### Task goal
Exactly retype the lines from the top of the data through the line containing "The principal reception", leaving out every picture.

### Records contained in a dataset
———
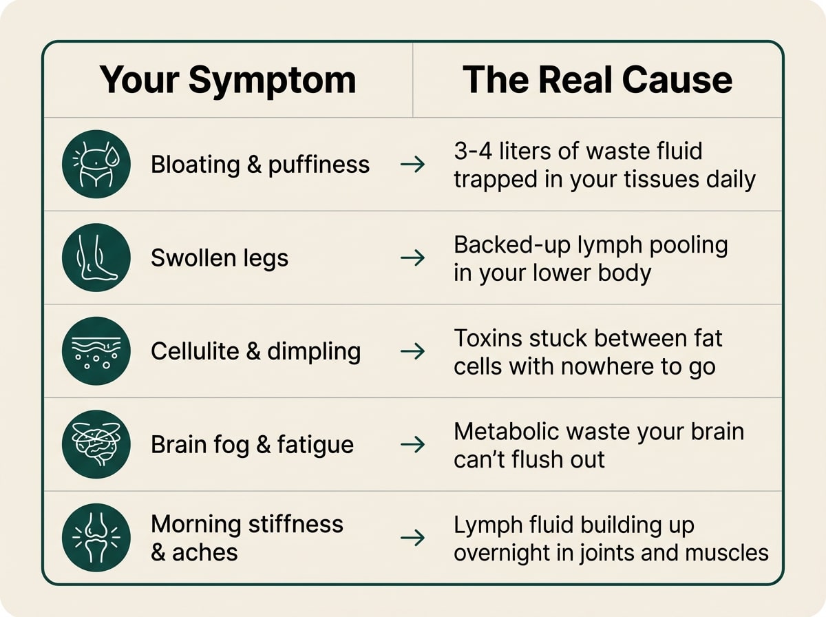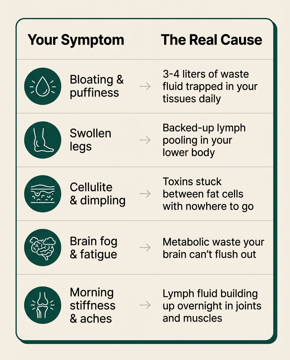 When your lymphatic system stops working, waste backs up in your tissues—triggering chronic fatigue, brain fog, bloating, joint pain, puffiness, and that frustrating feeling that something's just not right. Your cells are literally sitting in their own toxic buildup.
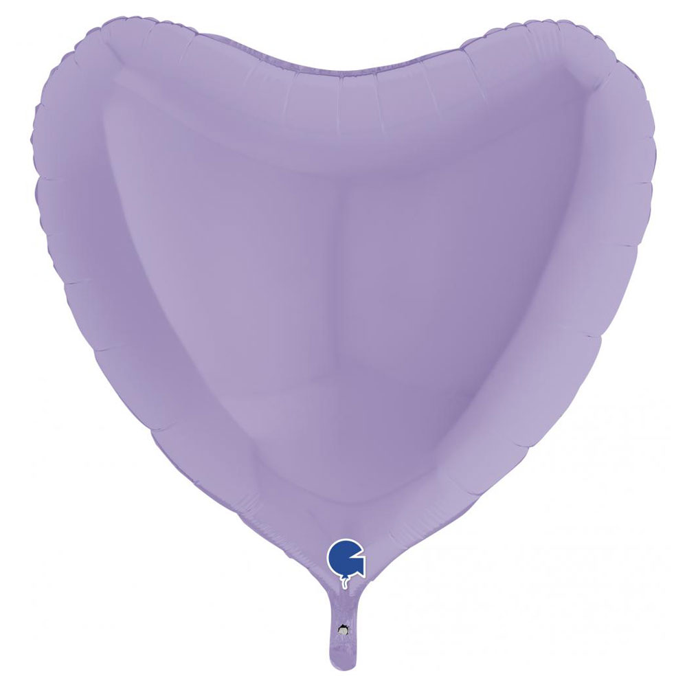 Hjärtballong Matt Pastell Lila 91 cm består av en pastell lila hjärtballong av folie. Blås upp ballongen med luft eller helium.
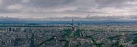 Een panoramische uitkijk over Parijs vanaf het dak van de Tour Montparnasse; we zien bijna alle hoogtepunten van Parijs: de Eiffeltoren, Dôme des Invalides, de Arc de Triomphe en in de verte het moderne Parijs in La Defense.
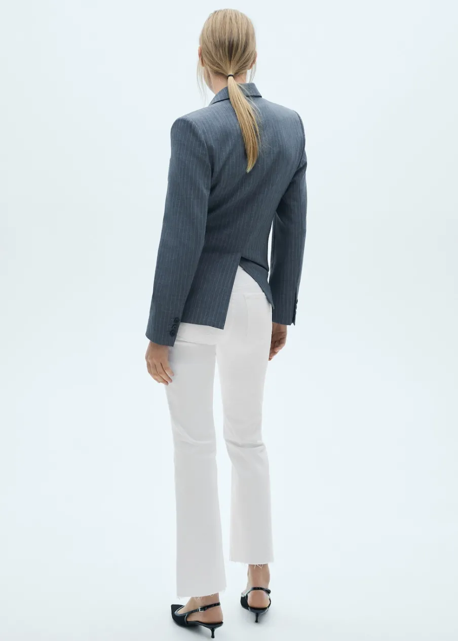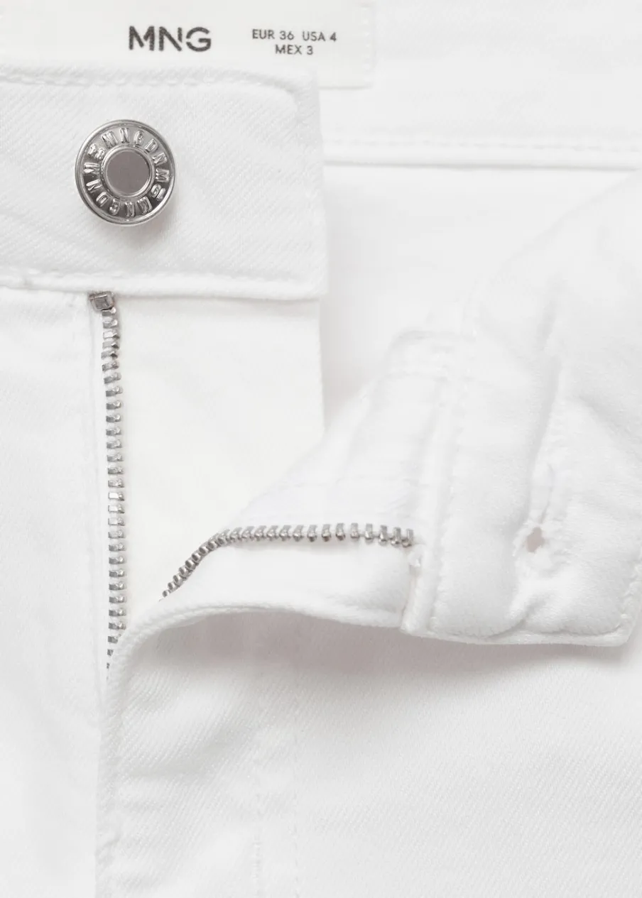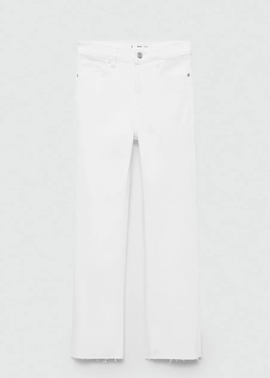 Tkanina bawełniana w dżinsowym stylu. Tkanina mieszana z bawełną z recyklingu. Elastyczna tkanina. Typu dzwony. Styl flare. Deseń crop. Podwyższony stan. Szlufki. Pięć kieszeni. Zapięcie na suwak i guzik. Postrzępione nogawki. Dostępne w Plus Size. Modelka ma 178 cm wzrostu i nosi rozmiar S/36. Długość wewnętrzna 65 cm.
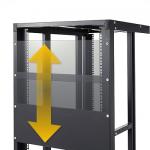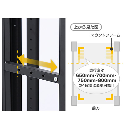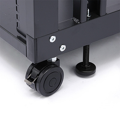 24Uの中型タイプでオフィスやデータセンターに最適。少人数で簡単組立て設計。奥行き900mm。フレームタイプ。ブラック。
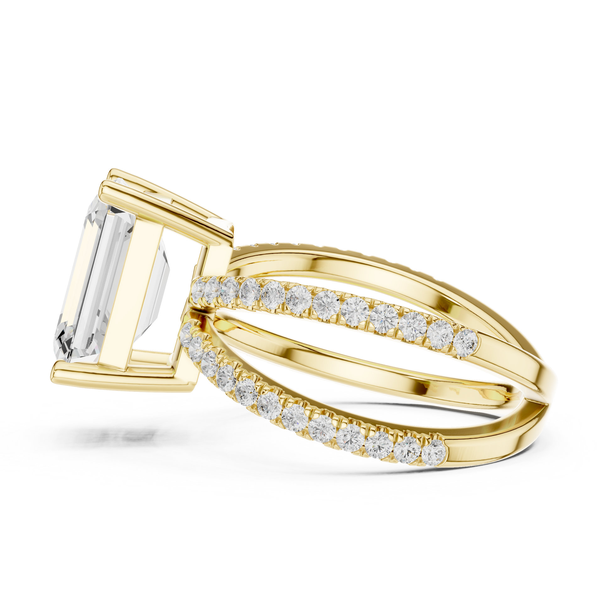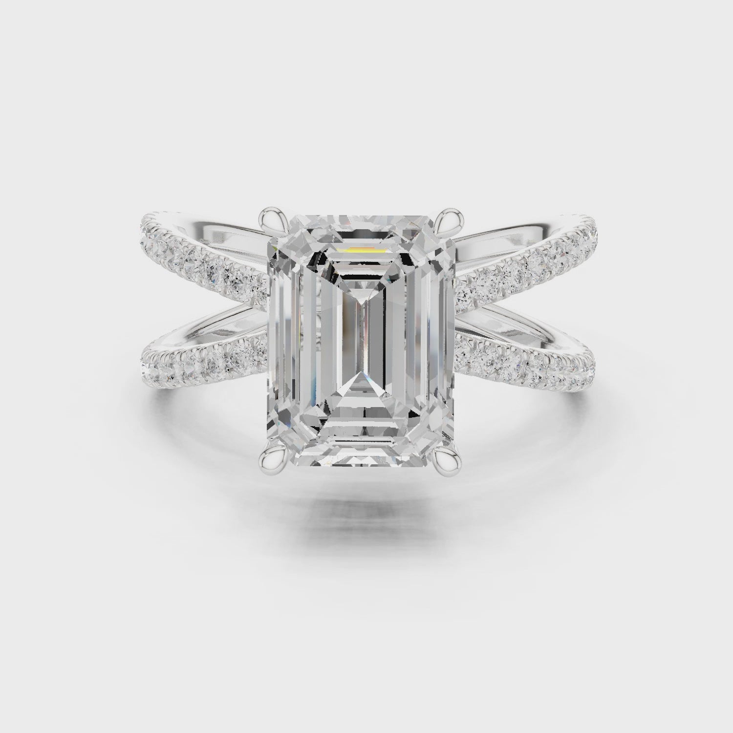 A masterpiece of modern design, this split-shank double pave emerald-cut engagement ring exudes refined confidence and timeless allure. The elongated emerald centre diamond catches light with every movement, while the twin pave bands create a graceful architectural balance around the finger. Handcrafted with precision and set with GIA/IGI certified diamonds, it is the perfect engagement ring for those seeking contemporary elegance, luxury craftsmanship, and a statement that speaks quietly yet powerfully.
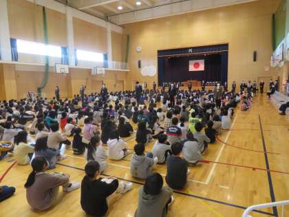 担任の先生が紹介されました。進級した子供たちからは、「がんばるぞ」という気持ちが伝わってきました。
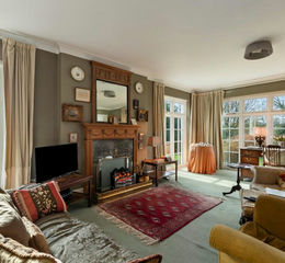 The principal reception room in the property, this charming sitting room benefits from two graceful floor-length windows and a set of patio doors offering views and direct access to the expansive garden. A charming traditional fireplace provides a warm and inviting focal point within this generous living space. Double inner doors open to the dining room.
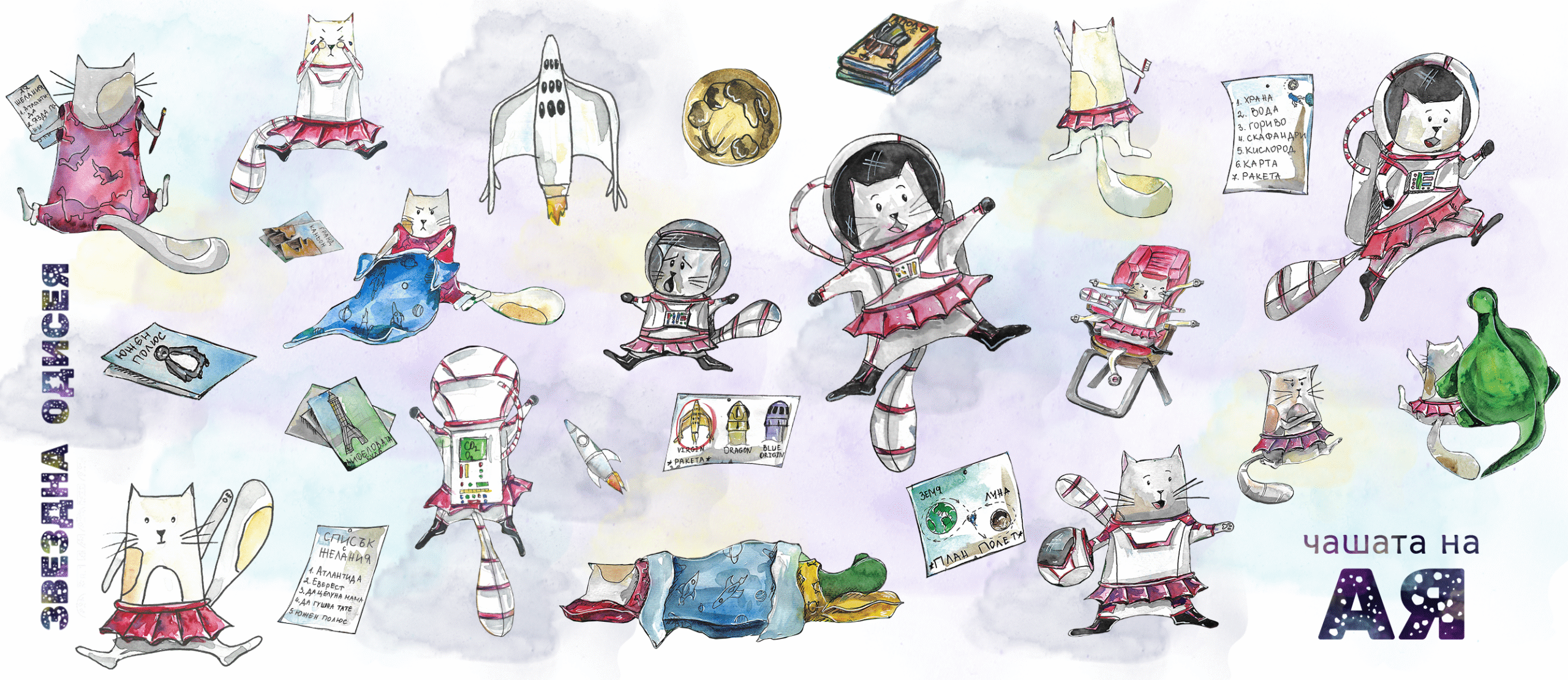 Чашата е с оригинални авторски илюстрации на коте Ая от книгата „Звездна одисея“. Превърнете всяка глътка чай, мляко или какао в космическо приключение като персонализирате чашата с името на вашето дете!
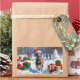 Adesivo Retangular Weimaraner correndo em neve com chapéu de Natal
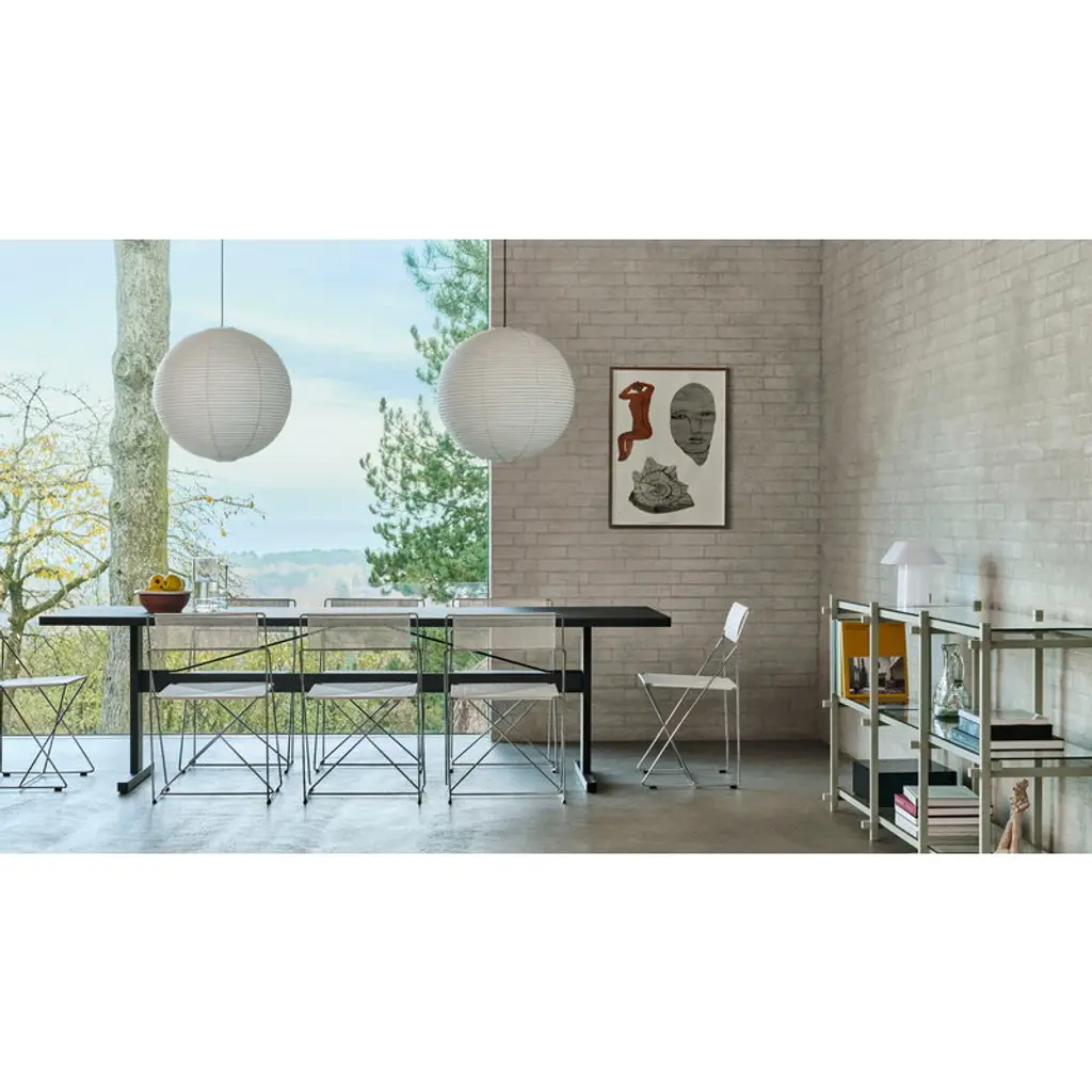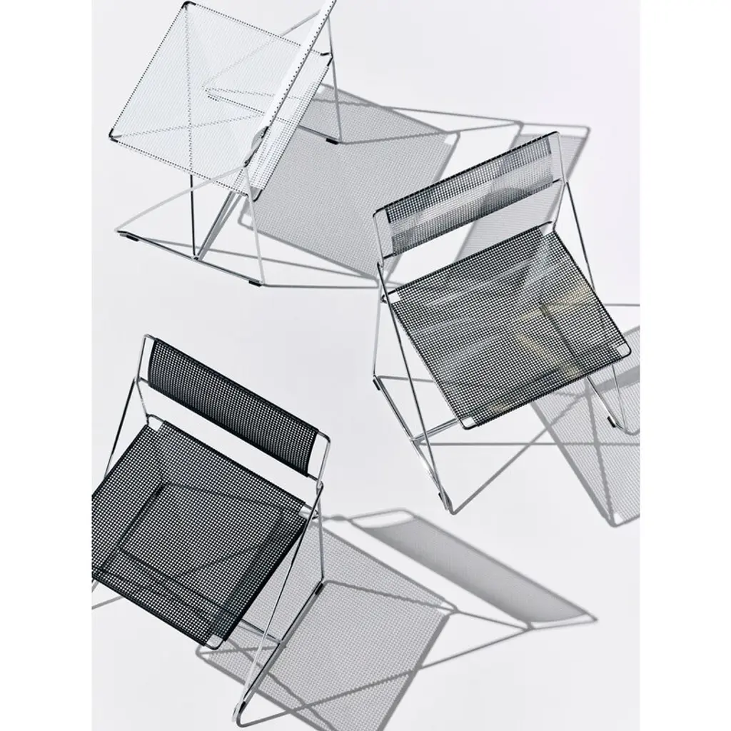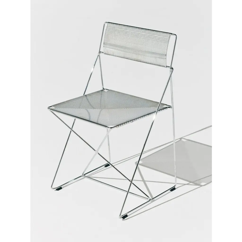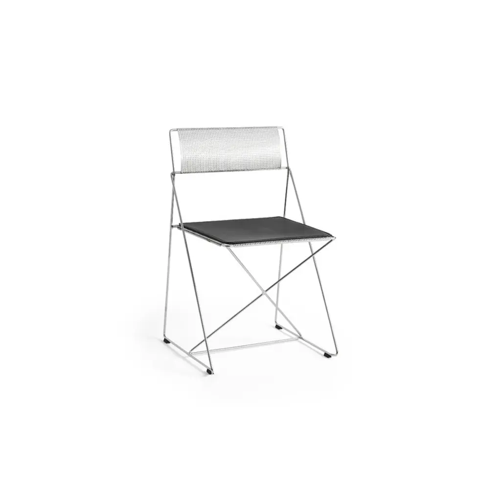 HAY’s X-Line chair combines lightness with elegance, making the chair a stylish choice for homes as well as public spaces. Made of thin steel, the X-Line chair is based on a simple geometric leg structure that is shaped like the letter X. This design provides stability and strength to the sitter, while also delivering an esthetically appealing design that subtly flirts with industrial influences. The X-Line chair was originally designed in 1977 by architect Niels Jørgen Haugesen and manufactured by Magnus Olesen until 2025. Now, the Danish design brand HAY has reintroduced the metal chair to the delight of modern design enthusiasts. Please note that this chromed steel version is for indoor use only.
———
### Reply
 When your lymphatic system stops working, waste backs up in your tissues—triggering chronic fatigue, brain fog, bloating, joint pain, puffiness, and that frustrating feeling that something's just not right. Your cells are literally sitting in their own toxic buildup.
 Hjärtballong Matt Pastell Lila 91 cm består av en pastell lila hjärtballong av folie. Blås upp ballongen med luft eller helium.
 Een panoramische uitkijk over Parijs vanaf het dak van de Tour Montparnasse; we zien bijna alle hoogtepunten van Parijs: de Eiffeltoren, Dôme des Invalides, de Arc de Triomphe en in de verte het moderne Parijs in La Defense.
 Tkanina bawełniana w dżinsowym stylu. Tkanina mieszana z bawełną z recyklingu. Elastyczna tkanina. Typu dzwony. Styl flare. Deseń crop. Podwyższony stan. Szlufki. Pięć kieszeni. Zapięcie na suwak i guzik. Postrzępione nogawki. Dostępne w Plus Size. Modelka ma 178 cm wzrostu i nosi rozmiar S/36. Długość wewnętrzna 65 cm.
 24Uの中型タイプでオフィスやデータセンターに最適。少人数で簡単組立て設計。奥行き900mm。フレームタイプ。ブラック。
 A masterpiece of modern design, this split-shank double pave emerald-cut engagement ring exudes refined confidence and timeless allure. The elongated emerald centre diamond catches light with every movement, while the twin pave bands create a graceful architectural balance around the finger. Handcrafted with precision and set with GIA/IGI certified diamonds, it is the perfect engagement ring for those seeking contemporary elegance, luxury craftsmanship, and a statement that speaks quietly yet powerfully.
 担任の先生が紹介されました。進級した子供たちからは、「がんばるぞ」という気持ちが伝わってきました。
 The principal reception room in the property, this charming sitting room benefits from two graceful floor-length windows and a set of patio doors offering views and direct access to the expansive garden. A charming traditional fireplace provides a warm and inviting focal point within this generous living space. Double inner doors open to the dining room.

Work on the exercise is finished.